Karen Keeves was the first Louisianan to move into a “Katrina cottage”
after her home was destroyed in the storms of 2005.
Photo: Shawn Poynter
The state of Louisiana is spending its disaster relief money much faster than nearby states that also got slammed by hurricanes in the 2005 season. But it’s hard to chart Louisiana’s progress with the human eye.
More than two years have passed since Katrina and Rita hit the Gulf Coast. The pace of recovery has been painfully slow for an outsider to watch. And I know I’ve only glimpsed what it’s been like for the people who actually live there.
I work for the Center for Rural Strategies, which publishes the Daily Yonder. Since 2005 I’ve been to the Gulf Coast four times to document hurricane damage and the efforts of people there to rebuild their lives. My work is part of Rural Strategies’ hurricane recovery project, which is tracking the Gulf Coast to see what’s happening — and what isn’t — in the small communities that took the brunt of Katrina and Rita in 2005. From the images I’ve shot over nearly two years of visiting the region, I’ve assembled a brief slideshow. The music is by Dirk Powell, part of the musical Balfa family of southern Louisiana.
Capturing the scale of the destruction and recovery on the Gulf Coast has been difficult. It’s hard to shoot things that aren’t there; there’s no way to compare before and after.
One example: Holly Beach, Louisiana. In the opening frames of the slide show, it looks like a barren sand flat. Aside from utility poles and random debris like a set of stairs leading nowhere, there’s no sign that it was actually a neighborhood of 300 homes. All 300 were washed away by Hurricane Rita in September 2005.
Nothing in my news photography career prepared me for what I found in Louisiana. Not the wildfires I shot in New Mexico or tornadoes in Kentucky and Michigan. Those were swaths of disaster. Rita and Katrina are biblical in proportion. In Cameron Parish, the location of Holly Beach, I drove for an hour without seeing one structure that wasn’t either gutted or demolished. And this was four months after the hurricane.

Holly Beach, LA, in Cameron Parish was scoured by the hurricanes.
Four months after the storms it still looked like a wasteland.
Photo: Shawn Poynter
On my first visit in January 2006 — to towns from Delacambre to Holly Beach — residents were still digging through the mud, unearthing a few keepsakes amidst lots of junk. The floodwaters had covered graveyards and ruined churches.
Residents I met had a matter-of-fact attitude about their state of affairs. “Katrina done the top, all the top,” said one resident of Jean Lafitte, pointing to the ruined ceiling in her home. “And then Rita came and done all the bottom,” referring to the buckling floors and ruined walls.

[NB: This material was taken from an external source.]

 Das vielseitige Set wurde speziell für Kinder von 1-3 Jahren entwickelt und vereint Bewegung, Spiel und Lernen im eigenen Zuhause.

The scale of suffering is immense. Families have been uprooted, forced into small camper trailers — if they are lucky. In the space that would barely accommodate a small hospital bed, I found the Pitre family, an invalid woman, her sick father-in-law and her husband, all living and making do with the shelter that was available.

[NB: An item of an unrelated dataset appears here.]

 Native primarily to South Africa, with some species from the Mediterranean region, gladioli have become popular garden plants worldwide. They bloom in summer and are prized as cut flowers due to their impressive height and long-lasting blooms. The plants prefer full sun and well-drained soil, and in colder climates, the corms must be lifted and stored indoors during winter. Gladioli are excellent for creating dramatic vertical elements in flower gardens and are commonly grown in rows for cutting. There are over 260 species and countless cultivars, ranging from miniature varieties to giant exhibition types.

But I’ve also been fortunate enough to see progress. Over the course of two years I’ve seen the Pitres move back into their restored home. Before they could do so, they raised the house on pilings, gutted it, rewired and plumbed, hung new paneling and drywall, and much more. Multiply this effort by 100,000 and perhaps we get some sense of the work required to bring this rural region back to anything approaching normal.
I also shot photos of Karen Keeves, the first person in Louisiana to receive one of the Katrina cottages, prefabricated A-frame houses that developers hope will provide affordable and safe shelter for thousands more displaced people.

Gabby Decollette and fiance Daniel Mareno were the first to have their home rebuilt
on the Atakapa island of Grand Bayou, LA.
Photo: Shawn Poynter
During my last trip, in July of this year, I traveled to Grand Bayou, a small island in the gulf that is home to the Atakapa, Louisiana’s “first people.” After two years of living in trailers and recreation centers on the mainland, the community was just beginning to work on restoring their homes and public structures. They’d been delayed by utility problems, bureaucracy, lack of help. Whatever the reasons, it’s been too long to wait.
These are just a few of the sights and stories I found in Louisiana. There are many more. And this doesn’t even touch on what’s happening in Mississippi; there Rural Strategies is following a whole different set of recovery issues involving the working conditions of many hundreds of immigrants who have moved to the region for jobs.
I’ll be going back to the Gulf Coast in the next year. I’d love to find a miracle when I return. I know I’ll have to settle for much less.